The benchmark’s formalism and open-source release under the Llama 3.3 Community License facilitate extensibility to new domains and the adoption of interactive, process-driven evaluation pipelines. Future directions outlined include the extension to codified programmatic instruction formats, integration of robust statistical testing, and exploration of retrieval-augmented and end-to-end finetuning strategies for enhanced instruction grounding (Ghazarian et al., 20 Nov 2025).

7. Relation to Interactive TOD Evaluation and Benchmark Evolution

The procedural rigor of TOD-ProcBench aligns with recent movements in interactive TOD evaluation, such as frameworks employing user simulators and closed-loop metrics to address policy mismatch and static evaluation limitations (Cheng et al., 2022).
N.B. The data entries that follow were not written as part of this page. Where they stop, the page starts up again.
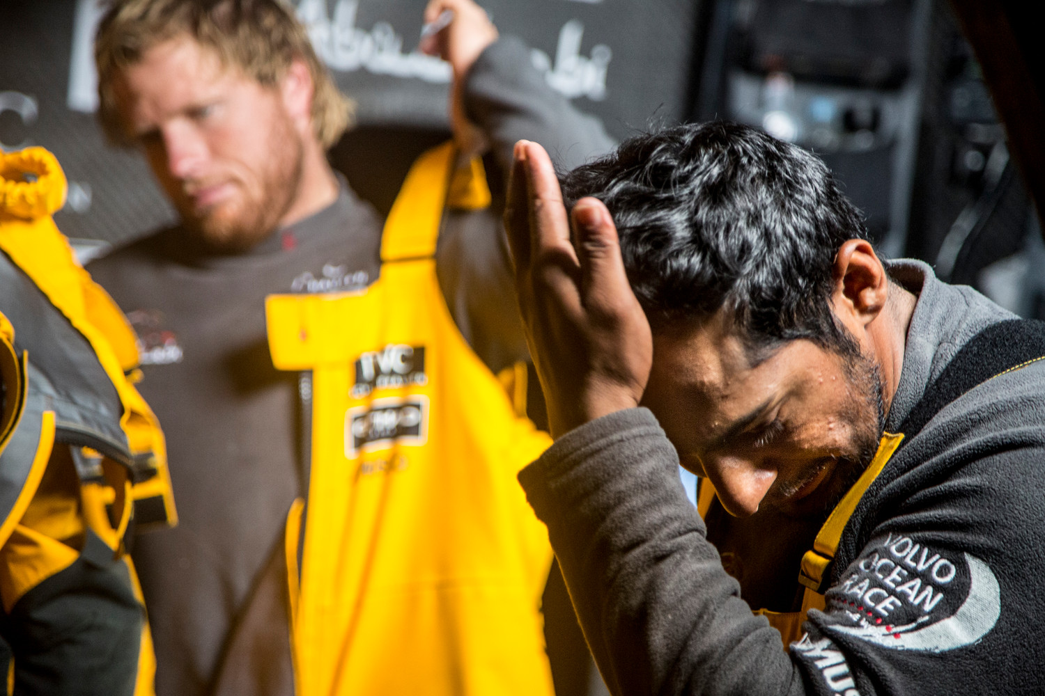 Sur le pont, les gars ont fait face aux vagues de quatre mètres de haut qui submergent le cockpit alors que nous surfons sur la houle océanique. A chaque fois, que nous sommes au creux de la vague, Azzam se prépare à affronter la vague suivante, une vague puissante qui peut te mettre à terre.
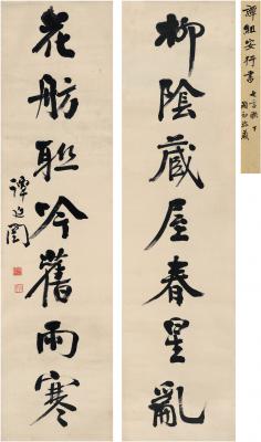 签条: 谭组安行书。七言联(上、下),显初珍藏。
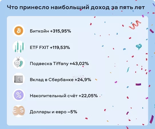 Спустя 5 лет результаты выглядят по-другому. Биткойн все ещё самый доходный (но только по тому, что был куплен в удачный момент), ETF - тоже довольно прибыльный. Но только в теории. Весной 2022 года торги фондами FinEx ETF на Московской бирже были приостановлены — и вряд ли начнутся до снятия санкций с российского депозитария НРД. Так что эта инвестиция стала зависшем не пойми где богатством.
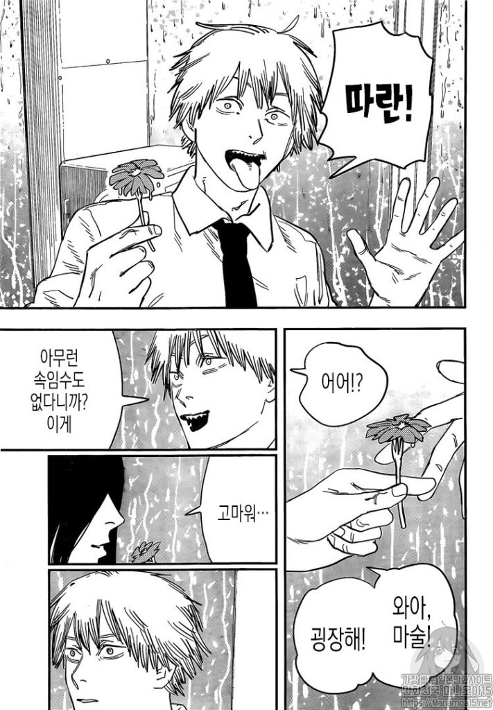 여기서 이 여자가 덴지의 얼굴을 보고 죽은개와 닮았다느니 어쩌느니 드립을 치자 덴지가 꽃을 뱉으면서 마술을 보여준다. 이것도 뭐 악마들의 능력인가? 목구멍에 넘긴걸 어떻게 온전하게 꺼내지…?
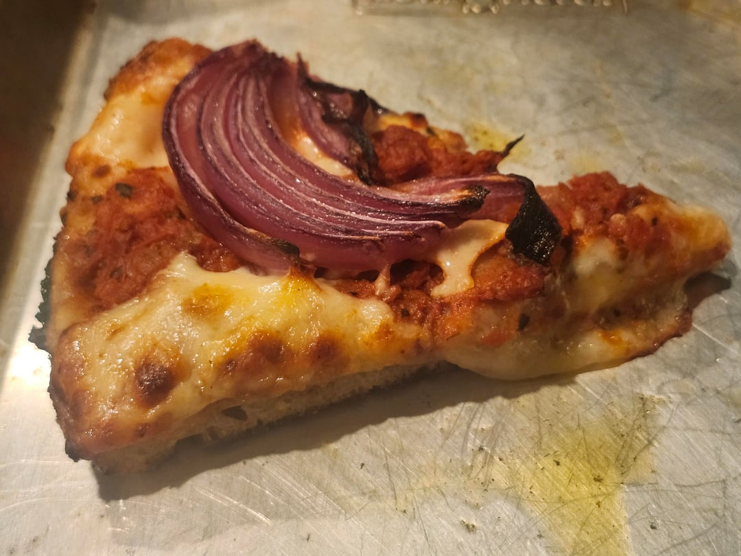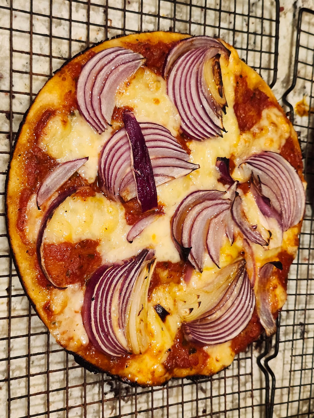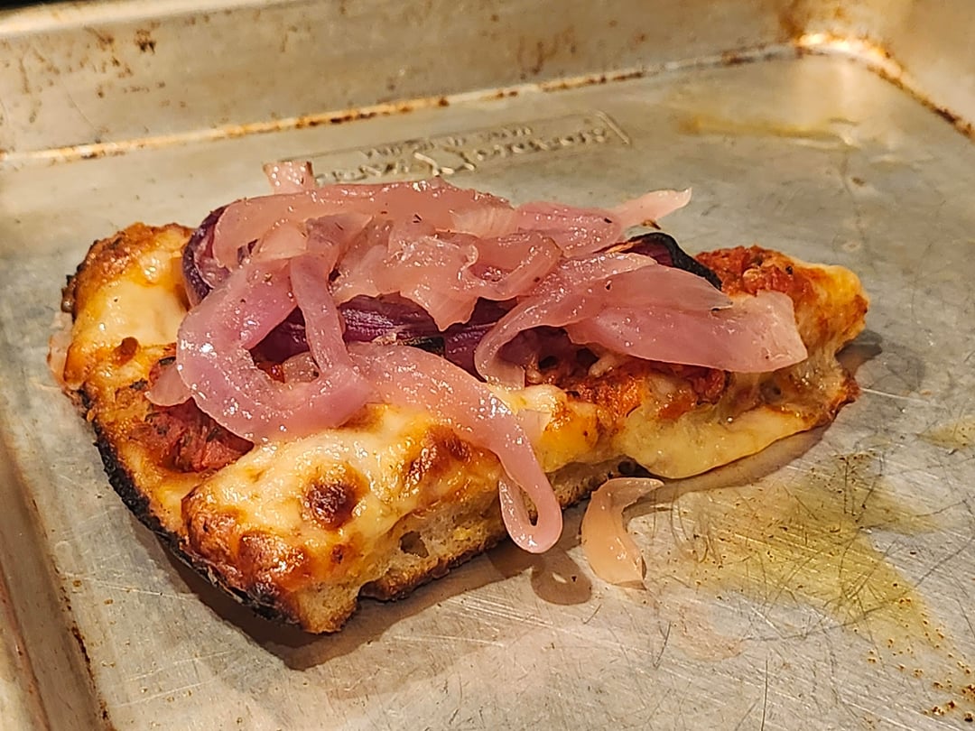Sourdough pizza dough, homemade marinara sauce, store brand cheese, thick wedges of red onions, and homemade lightly fermented pickled onions (https://www.reddit.com/r/OnionLovers/comments/1radiim/agrodolce_onion_marmalade/)
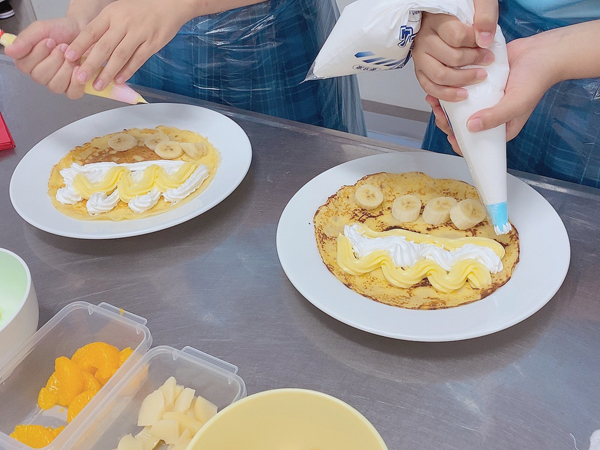 各自で好きなように盛りつけ、フルーツ盛りだくさんのクレープが完成しました。
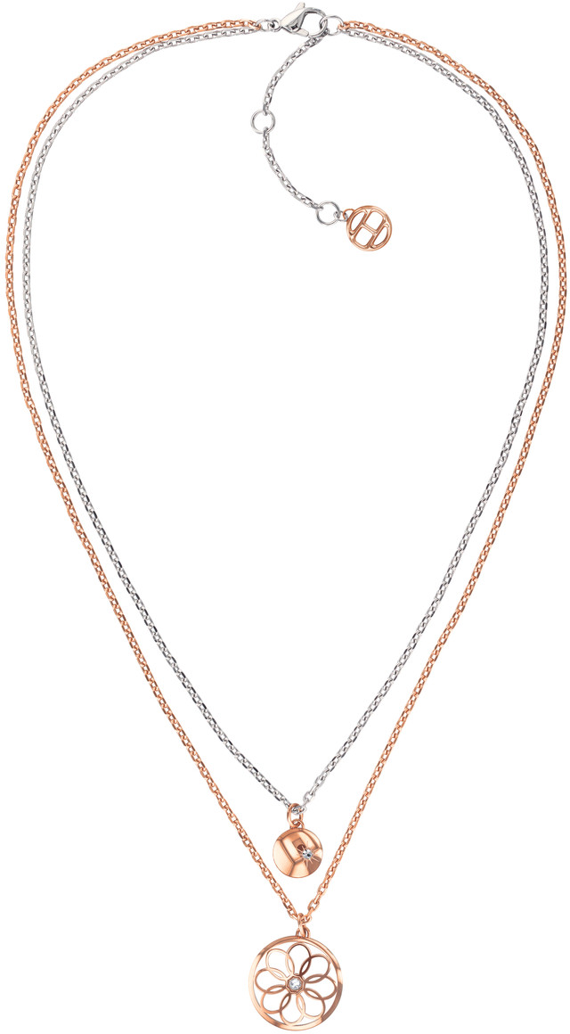 Tommy Hilfiger -kaulakorun 2780069 kepeä kukkakuvio tuo kesän talven keskelle. Koru on valmistettu ruostumattomasta teräksestä ja sen riipuksissa kukoistavat kirkkaat zirkoniakivet. Tämä punakullan värinen malli on säädettävissä 44/46/48 cm pituuteen. Saatavilla myös kullan ja hopean sävyissä. Toimitus valmistajan alkuperäisessä pakkauksessa.
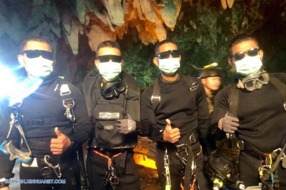 Trece buzos extranjeros expertos en buceo en cuevas y cinco rescatistas de la armada tailandesa participaron el domingo en la primera operación que sacó a los primeros cuatro niños de la cueva. Los rescatistas tardaron 11 horas en la misión. Otros cuatro niños fueron rescatados el lunes por el mismo equipo.

By focusing on condition–action hierarchies rather than traditional slot-filling, TOD-ProcBench positions itself as a natural progression from schema-guided or black-box interactive approaches, enabling highly reproducible, extensible, and fine-grained assessment of instruction adherence in TOD systems.

Collectively, TOD-ProcBench provides a foundation for future research on complex instruction-following, facilitating detailed error analysis, robust cross-system comparisons, and methodologically sound progress in task-oriented dialogue modeling.